### Activity
Pictures in the listing below are skipped, while the lines from the "巻き寿司やちらし寿司のパッケ" line through the "تقرير فيتش.. ماذا" line are returned word for word.

### Provided records
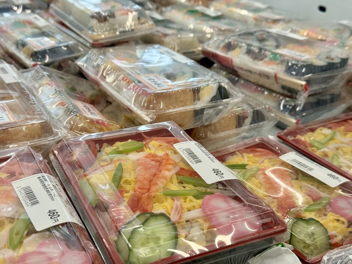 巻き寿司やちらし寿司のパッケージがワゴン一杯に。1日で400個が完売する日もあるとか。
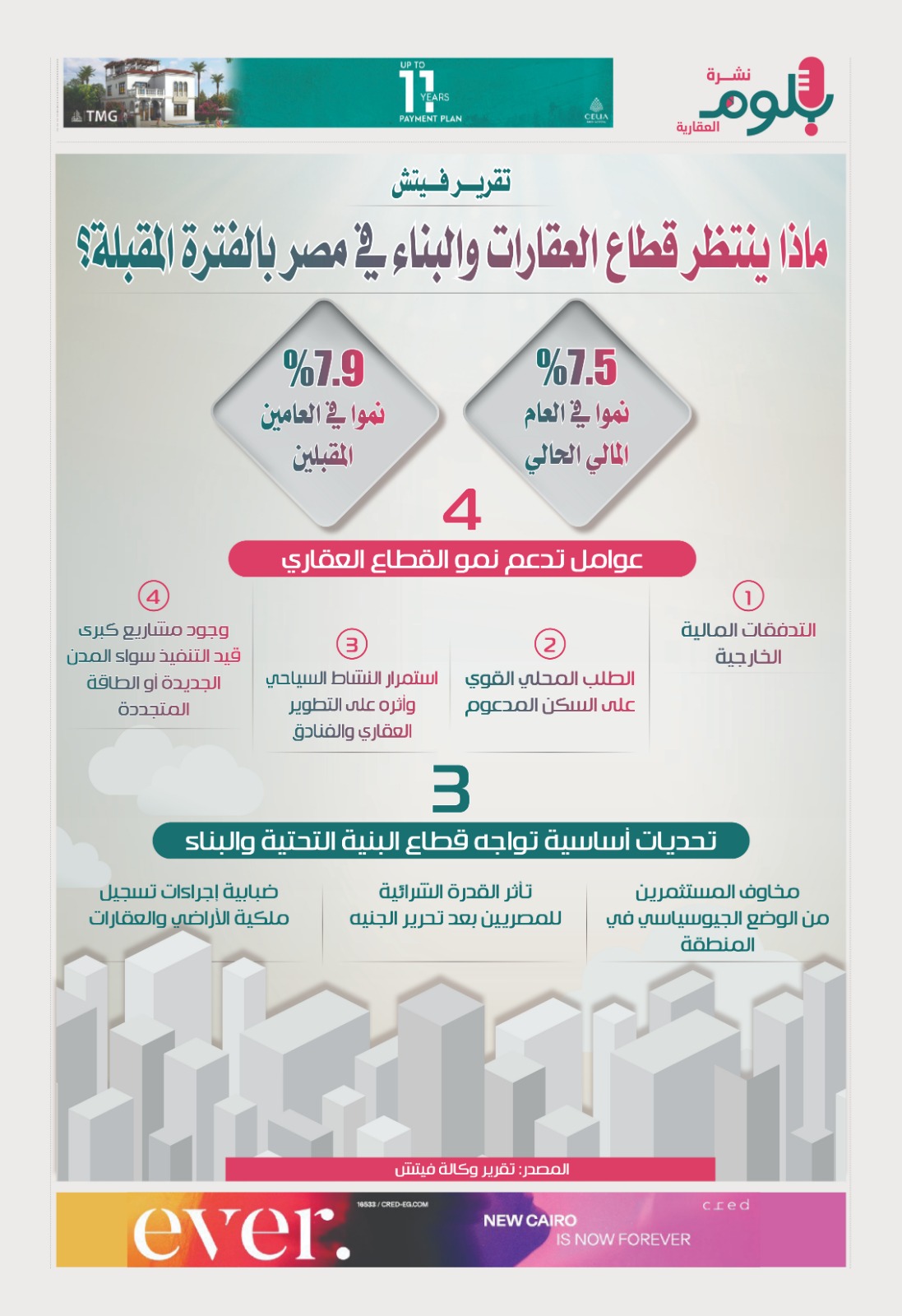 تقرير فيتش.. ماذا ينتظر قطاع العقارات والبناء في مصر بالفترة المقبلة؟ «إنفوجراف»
...
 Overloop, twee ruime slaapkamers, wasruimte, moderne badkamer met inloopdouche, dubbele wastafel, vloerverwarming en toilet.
...
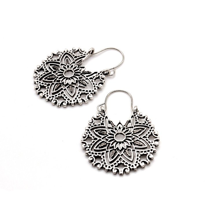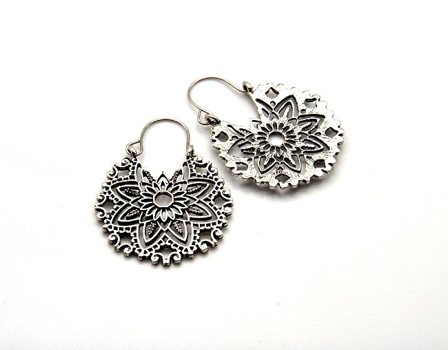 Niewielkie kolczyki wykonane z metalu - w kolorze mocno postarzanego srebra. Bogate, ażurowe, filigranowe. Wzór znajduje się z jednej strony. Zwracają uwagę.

### Result for this task
 巻き寿司やちらし寿司のパッケージがワゴン一杯に。1日で400個が完売する日もあるとか。
 تقرير فيتش.. ماذا ينتظر قطاع العقارات والبناء في مصر بالفترة المقبلة؟ «إنفوجراف»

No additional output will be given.